Stochasticity helps to navigate rough landscapes: comparing gradient-descent-based algorithms in the phase retrieval problem
This addresses the challenge of optimizing non-convex functions in machine learning, offering insights for algorithm selection in high-dimensional problems.
The paper investigates how gradient-based algorithms navigate non-convex loss landscapes in high-dimensional phase retrieval, finding that stochastic variants achieve perfect generalization in parameter regions where gradient descent fails.

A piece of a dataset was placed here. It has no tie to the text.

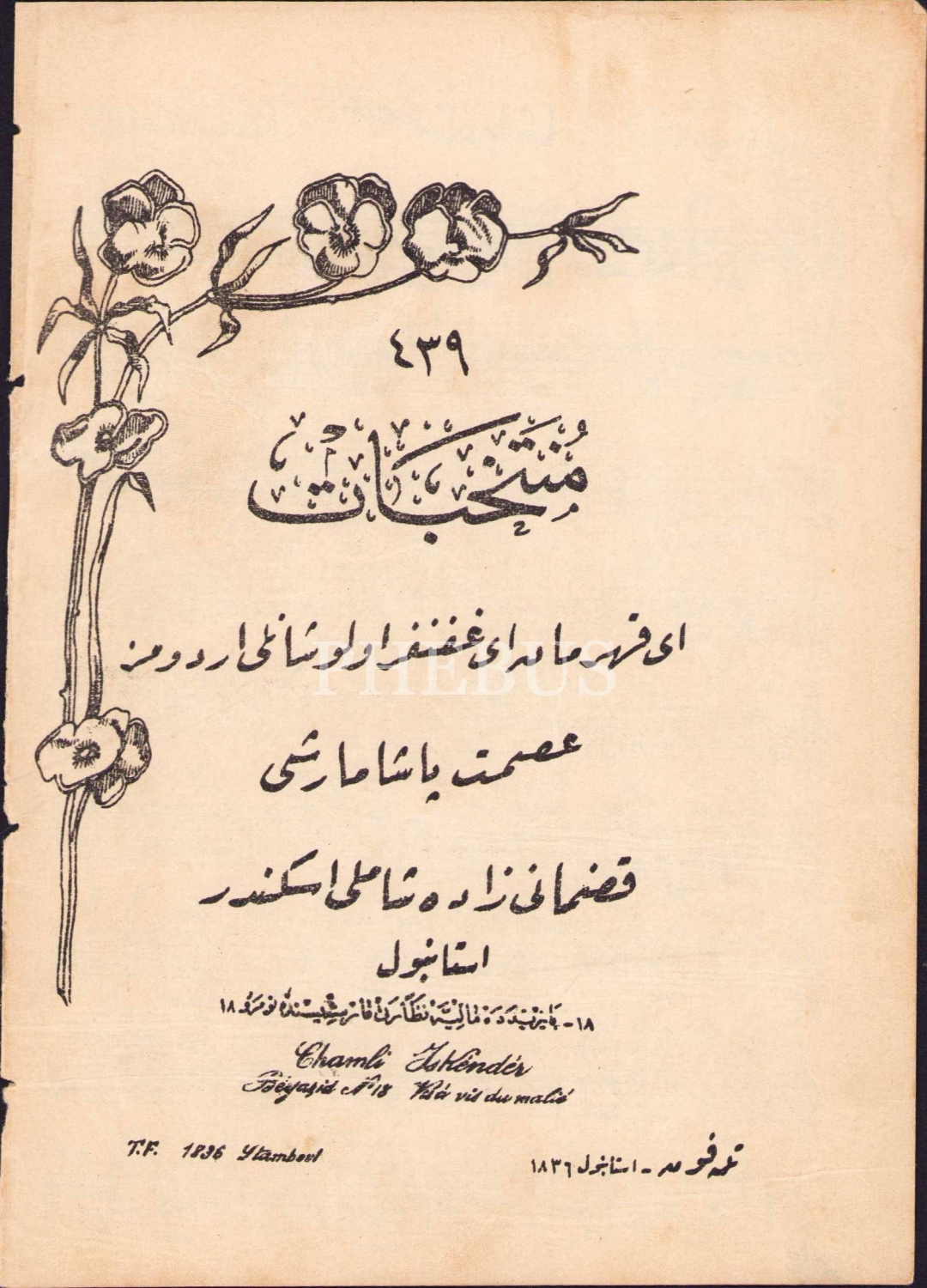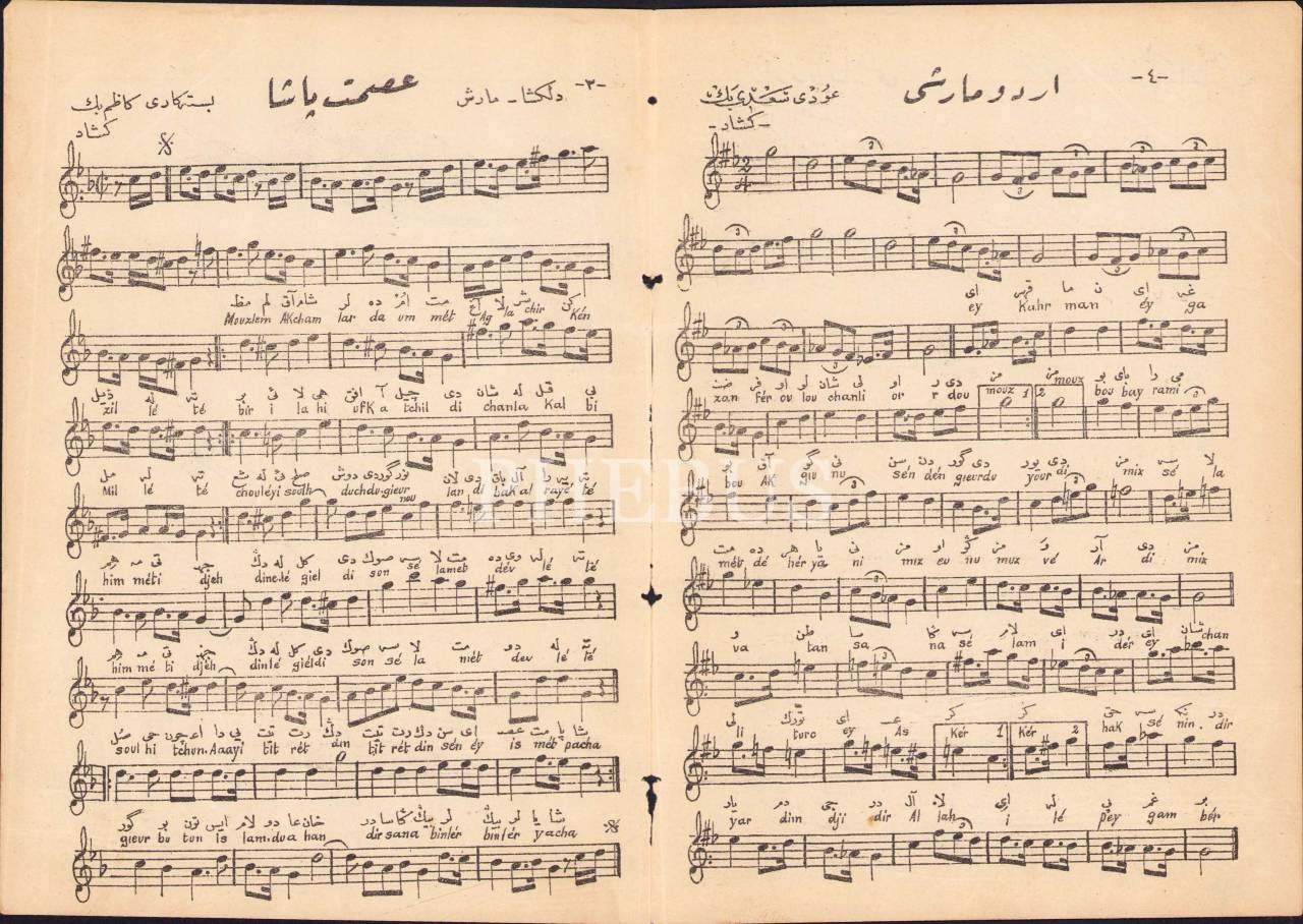 Osmanlıca Şamlı İskender'den nota, Müntehabat - Ordu ve İsmet Paşa marşları, İstanbul 1836, 20x28 cm
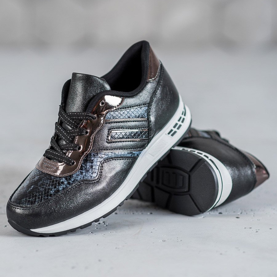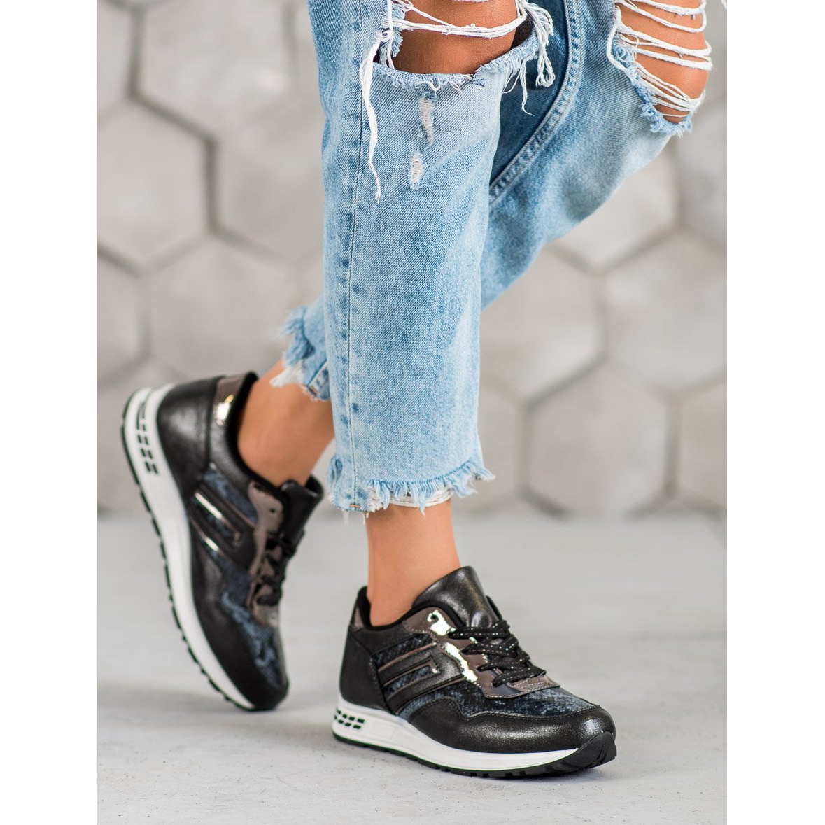 Las zapatillas negras Snake Print de la marca SHELOVET son una opción perfecta para las mujeres que quieren combinar moda con comodidad. Estas zapatillas deportivas bajas se distinguen por su elegante color negro y su estampado animal, que les da un carácter único. Los elementos dorados son un acento adicional que llama la atención y añaden un acabado elegante a cualquier estilo.

In this paper we investigate how gradient-based algorithms such as gradient descent, (multi-pass) stochastic gradient descent, its persistent variant, and the Langevin algorithm navigate non-convex loss-landscapes and which of them is able to reach the best generalization error at limited sample complexity. We consider the loss landscape of the high-dimensional phase retrieval problem as a prototypical highly non-convex example. We observe that for phase retrieval the stochastic variants of gradient descent are able to reach perfect generalization for regions of control parameters where the gradient descent algorithm is not. We apply dynamical mean-field theory from statistical physics to characterize analytically the full trajectories of these algorithms in their continuous-time limit, with a warm start, and for large system sizes. We further unveil several intriguing properties of the landscape and the algorithms such as that the gradient descent can obtain better generalization properties from less informed initializations.